■ What you will do:
Return the data below exactly, minus the pictures.

BEGIN Provided material

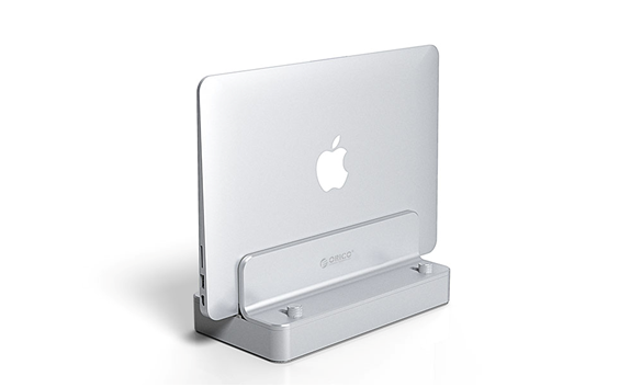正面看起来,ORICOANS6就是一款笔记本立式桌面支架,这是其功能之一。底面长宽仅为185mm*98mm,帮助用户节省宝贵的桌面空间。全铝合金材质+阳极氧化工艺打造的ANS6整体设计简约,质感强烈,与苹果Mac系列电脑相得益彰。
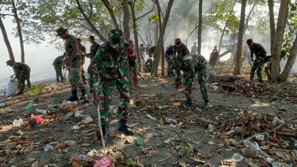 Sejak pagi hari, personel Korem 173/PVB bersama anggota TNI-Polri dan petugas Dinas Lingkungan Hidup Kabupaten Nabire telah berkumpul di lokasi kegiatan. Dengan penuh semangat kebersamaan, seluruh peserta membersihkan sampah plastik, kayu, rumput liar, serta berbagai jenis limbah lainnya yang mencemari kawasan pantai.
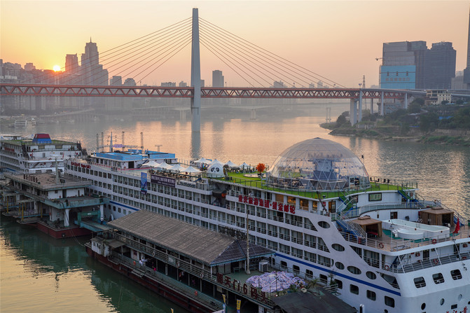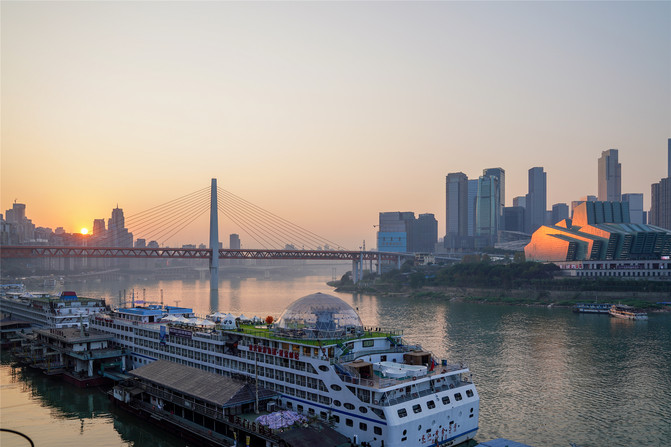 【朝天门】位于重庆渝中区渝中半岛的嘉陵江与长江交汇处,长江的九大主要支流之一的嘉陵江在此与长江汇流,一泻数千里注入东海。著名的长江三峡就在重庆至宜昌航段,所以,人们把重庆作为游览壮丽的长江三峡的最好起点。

END Provided material

■ Solved exercise:
正面看起来,ORICOANS6就是一款笔记本立式桌面支架,这是其功能之一。底面长宽仅为185mm*98mm,帮助用户节省宝贵的桌面空间。全铝合金材质+阳极氧化工艺打造的ANS6整体设计简约,质感强烈,与苹果Mac系列电脑相得益彰。
 Sejak pagi hari, personel Korem 173/PVB bersama anggota TNI-Polri dan petugas Dinas Lingkungan Hidup Kabupaten Nabire telah berkumpul di lokasi kegiatan. Dengan penuh semangat kebersamaan, seluruh peserta membersihkan sampah plastik, kayu, rumput liar, serta berbagai jenis limbah lainnya yang mencemari kawasan pantai.
 【朝天门】位于重庆渝中区渝中半岛的嘉陵江与长江交汇处,长江的九大主要支流之一的嘉陵江在此与长江汇流,一泻数千里注入东海。著名的长江三峡就在重庆至宜昌航段,所以,人们把重庆作为游览壮丽的长江三峡的最好起点。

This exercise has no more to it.